No stranger to sorrows, Flora’s life ended suddenly in the notorious wreck of the Ly-ee-moon off the coast of Eden, on the south coast of New South Wales. Sunday 30 May marks the 130th anniversary of her death.
Yet we do not remember Flora as a tragic figure. Rather we recall her great qualities of motherhood and acclaim a stoic woman who devoted her whole life to God, her family, and to the sisters who joined St Mary MacKillop in her work.
Flora travelled widely after Mary had established her new congregation, sometimes taking her daughter Annie.
On her travels she would stay with relations and family friends in different parts of western Victoria, as well as Melbourne and at Melrose near the You Yangs.
Flora decided to travel to Sydney in 1886 to help Mary with a fundraising bazaar.

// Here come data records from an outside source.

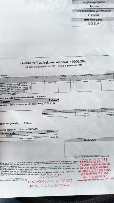 Niestety nie udało się w tym terminie wstawić okna na klatce schodowej, będzie ono wstawione w terminie do 3 tygodni, a jego koszt to 1490 zł.
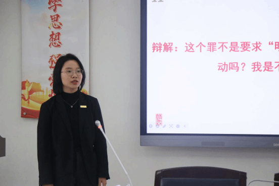 在随后的普法环节,上海靖霖(广州)律师事务所的实习律师彭雨薇为师生们带来了一场题为《大学生刑事风险防范和救济》的宣讲。她以生动的案例和深入浅出的讲解,详细介绍了大学生最容易触犯的罪名——帮信罪的构成要件、法律后果及防范措施。这场宣讲不仅增强了师生们的法治意识,更为他们提供了实用的法律指导。
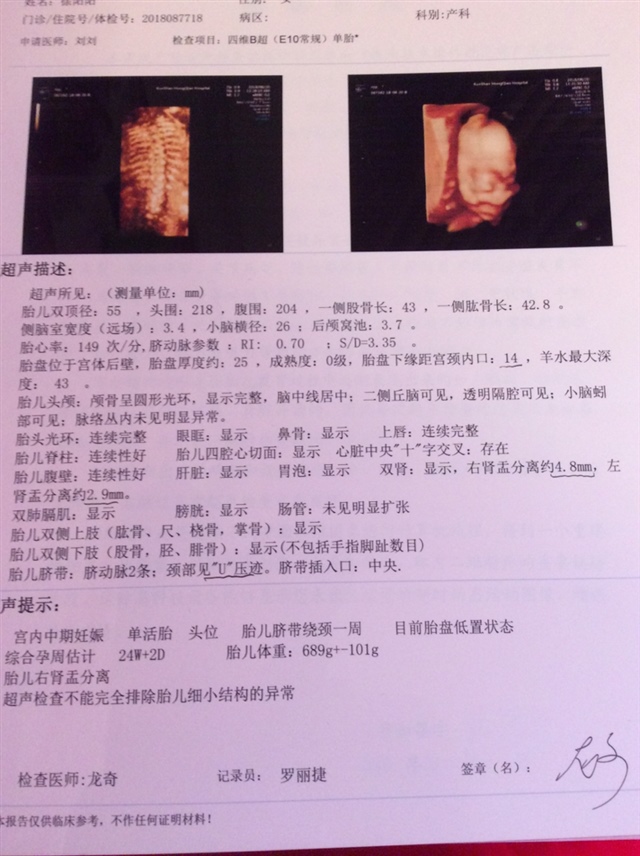 看胎盘后壁及胎心,女孩
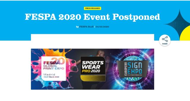 Fespa heeft gisteren bekend gemaakt de signbeurs in Madrid uit te stellen. De aanleiding is het heersende coronavirus.

It was common at the time to travel by ship from Melbourne up the east coast to Port Jackson or Sydney Harbour.
Mary was expecting Flora’s arrival, but tragedy struck. Seventy-one passengers drowned when the Ly-ee-moon was dashed against a reef. The only survivor was a young boy of 11, pulled unconscious through a porthole.
Kate Cameron, a life-long friend of Lexie MacKillop, became Mrs James Power of the Pier Hotel Eden. By a strange coincidence it was Kate who helped prepare the body of Lexie’s mother for burial in Sydney in May 1886.
It was a beautiful final work of mercy that she could perform for her friend Lexie and the MacKillop family – and a final gift of grace for a faithful mother who indeed gave her all.